1. A gas is compressed from 10.00 L to 2.00 L at a constant pressure of 0.800 atm. In the process, 400 J of energy leaves the gas by heat.
(a) What is the work done by the gas?
(b) What is the change in its internal energy?

so for part a, i have tried:
P*deltaV=W
8.106E4 * 8 = 6.48E5 for the answer to part a, it is wrong and i dont know how else to approch this. I put the pressure in Pa, but maybe i should have left it in atm? i dont know, any help would be wonderful. And for part b, i know that Q-W=U, so i should be able to get b, once i figure out part a.

2. Gas in a container is at a pressure of 1.30 atm and a volume of 3.00 m3.
(a) What is the work done by the gas if it expands at constant pressure to twice its initial volume?
(b) If it is compressed at constant pressure to one quarter of its initial volume?

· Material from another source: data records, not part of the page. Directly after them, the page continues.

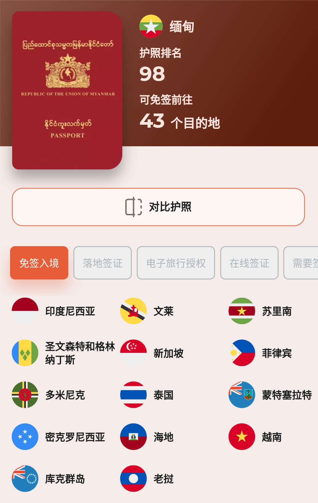 缅甸有很多华人华侨,也是黄种人国家,所以比持有非洲护照让人更可信,在国内外使用的信任度更好。
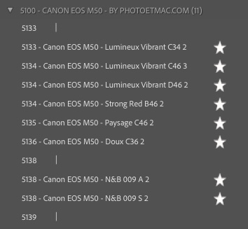 Profils Lightroom Canon EOS M6 MkII, M50, M50 II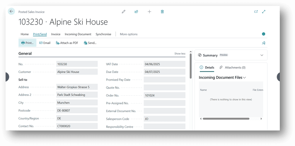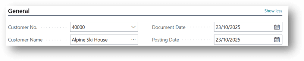- Most of the remaining information (such as currency, payment terms, address, and salesperson code) will be automatically published from the Customer Master Data. Please review these details and make any changes as needed.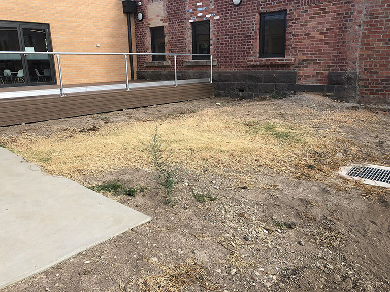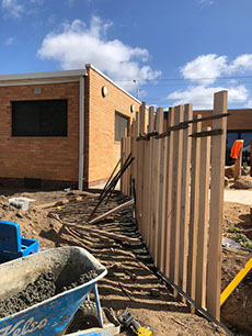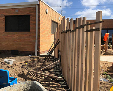 Surrounded by a see through fence giving an open look and appeal to the finished enclosed area and finished with external planting

So far for part a, i have tried:
W=P*delta V
1.32E5 * 3000L = 3.96E8 J, but this isnt right...
I also tired:
W=Pln(vf/vi)
1.32E5* ln(6000/3000) = 9.15E4 J... again wrong
not sure what else to try, and again, part b will be much the same once i understand part a

lastly,
3. A sample of helium behaves as an ideal gas as energy is added by heat at constant pressure from 273 K to 393 K. If the gas does 15.0 J of work, what is the mass of helium present?

so i have tried:
Q=mc*deltaT
15=m*5.193*120
m=.0241moles *4g/mol = .0482g... but wrong

Any and all help/suggestiong would be much appreciated thankyou.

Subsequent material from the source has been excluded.